In some embodiments, in the case where being located at identical computer room with client there are multiple NameNode, then node Selecting unit 302 forwards access request from one NameNode of selection in the NameNode of identical computer room is located at client.? In one embodiment, node selecting unit 302 can randomly choose a NameNode from the NameNode of the computer room, may be used also To select occupancy efficiency less than the NameNode of predetermined threshold according to the operation resources occupation rate of NameNode, or according to The predetermined priority of NameNode selects NameNode, to realize to the further excellent of the NameNode inside single computer room Choosing, further improves the performance of HADOOP cluster.

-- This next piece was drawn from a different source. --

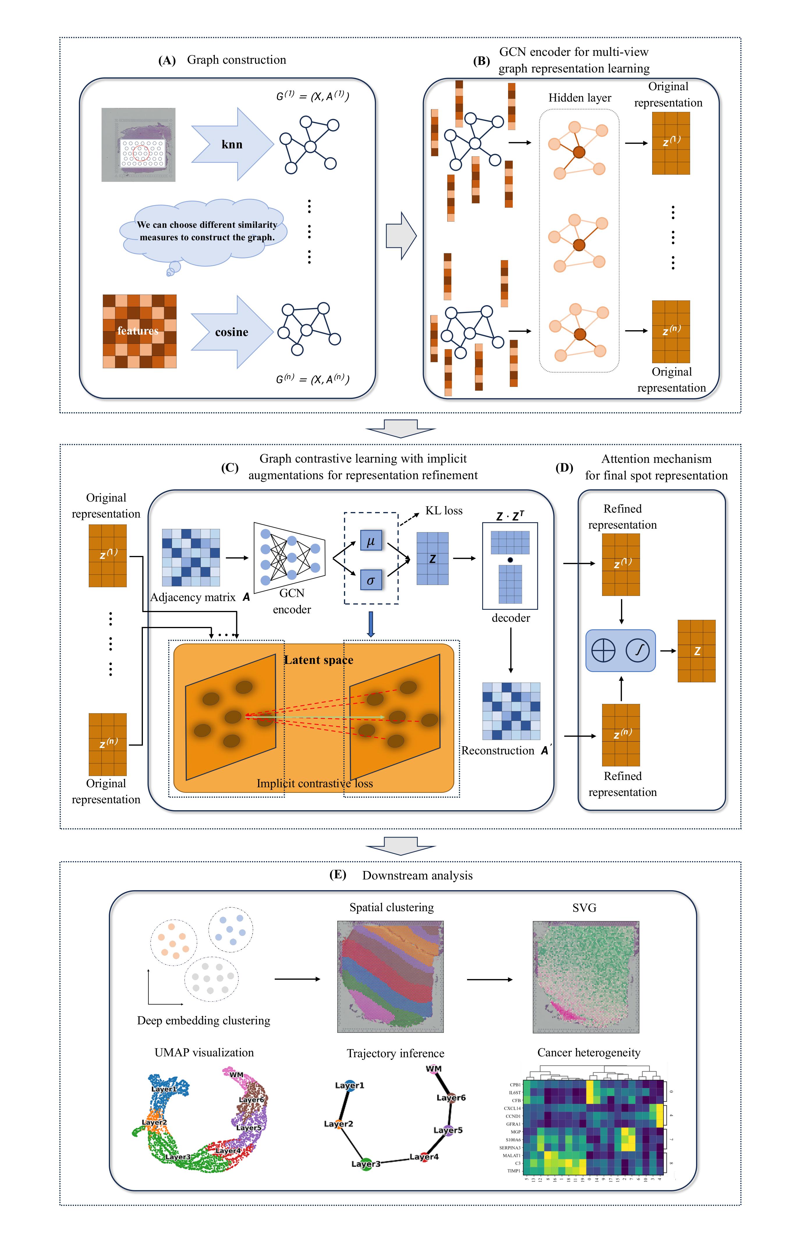 研究团队提出一种基于隐式对比学习的多视图图卷积网络框架,称为 STMIGCL。STMIGCL 借助空间转录组数据中的基因表达谱以及空间位置信息,运用不同的方法构建多个邻居图,依靠不同视图间的协同学习从数据中提取更为丰富且有效的信息。运用GCN学习每个视图的低维表示,实现图结构与基因表达特征的有效融合。通过将多视图学习与对比学习相结合,STMIGCL可充分利用GCN的独特优势深入挖掘每个视图中的潜在信息,还可以有效整合并利用不同视图之间的互补优势,获取更全面、丰富的信息。进一步利用基于隐式增强的对比学习方法,STMIGCL 显著增强表示的判别能力,优化聚类性能。为了捕捉不同视图嵌入的重要性,STMIGCL 运用注意力机制,自适应融合不同视图的潜在表示,得到最终的斑点表示。通过在多个不同技术平台获得的数据集中进行实验的结果表明,STMIGCL显著提升空间域的识别精度,在轨迹推断、空间可变基因识别等任务中优于现有基线方法。另外,通过在人类乳腺癌数据集上的实验分析结果表明,STMIGCL能够从更精细的层次剖析癌组织的异质性,为制定靶向治疗策略提供理论依据。

The structural schematic diagram of one embodiment of access agent device of the disclosure based on HADOOP is as shown in Figure 4.It is based on The access agent device of HADOOP includes memory 401 and processor 402.Wherein: memory 401 can be disk, flash memory or Other any non-volatile memory mediums.The correspondence that memory is used to store the above data processing method based on HADOOP is real Apply the instruction in example.Processor 402 is coupled to memory 401, can be used as one or more integrated circuits to implement, such as micro- Processor or microcontroller.The processor 402 can optimize under multimachine room scene for executing the instruction stored in memory HADOOP clustering performance.
It in one embodiment, can be as shown in figure 5, the access agent device 500 based on HADOOP includes memory 501 and processor 502.Processor 502 is coupled to memory 501 by BUS bus 503.The access agent based on HADOOP Device 500 can also be connected to external memory 505 by memory interface 504 to call external data, can also pass through Network interface 506 is connected to network or an other computer system (not shown).It no longer describes in detail herein.

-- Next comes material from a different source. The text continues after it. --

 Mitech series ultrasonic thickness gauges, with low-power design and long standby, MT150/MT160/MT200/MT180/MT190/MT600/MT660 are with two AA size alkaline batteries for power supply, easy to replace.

In this embodiment, it is instructed by memory stores data, then above-metioned instruction is handled by processor, can optimized HADOOP clustering performance under multimachine room scene.
In another embodiment, a kind of computer readable storage medium, is stored thereon with computer program instructions, this refers to The step of enabling the method realized in the data processing method corresponding embodiment based on HADOOP when being executed by processor.In the art Technical staff it should be appreciated that embodiment of the disclosure can provide as method, apparatus or computer program product.Therefore, the disclosure The form of complete hardware embodiment, complete software embodiment or embodiment combining software and hardware aspects can be used.Moreover, The disclosure can be used can be stored in the computer that one or more wherein includes computer usable program code with non-transient The form for the computer program product implemented on medium (including but not limited to magnetic disk storage, CD-ROM, optical memory etc.).
The schematic diagram of one embodiment of the system based on HADOOP of the disclosure is as shown in Figure 6.611~61n of client Access request can be sent to NameNode, wherein n is positive integer for positioned at the client of any computer room.
Access agent device 62 based on HADOOP can be above any one access agent dress based on HADOOP It sets.In one embodiment, the access agent device based on HADOOP is improved RBF.In one embodiment, individually Only has the access agent device based on HADOOP in HADOOP.Access agent device 62 based on HADOOP can simulate NameNode provides access interface for client, is selected using above any one data processing method based on HADOOP NameNode, and forward access request;And the NameNode access result fed back can be fed back to the visitor for initiating access request Family end.
631~63m of NameNode can manage the NameSpace of file system, and according to access request to DataNode Instruction is sent, and access result is fed back into the access agent device based on HADOOP, wherein m is positive integer.
641~64i of DataNode can storing data, and respond the operation requests from client and NameNode, Middle i is positive integer.
In such system based on HADOOP, access agent device can distribute nearby for the access request of client NameNode is realized and is distributed access request using multiple NameNode that individual access agent apparatus is different location, also keeps away Flow is big, influences the problem of cluster process performance between computer room caused by exempting from client and NameNode distance far, optimizes multimachine HADOOP clustering performance under room scene.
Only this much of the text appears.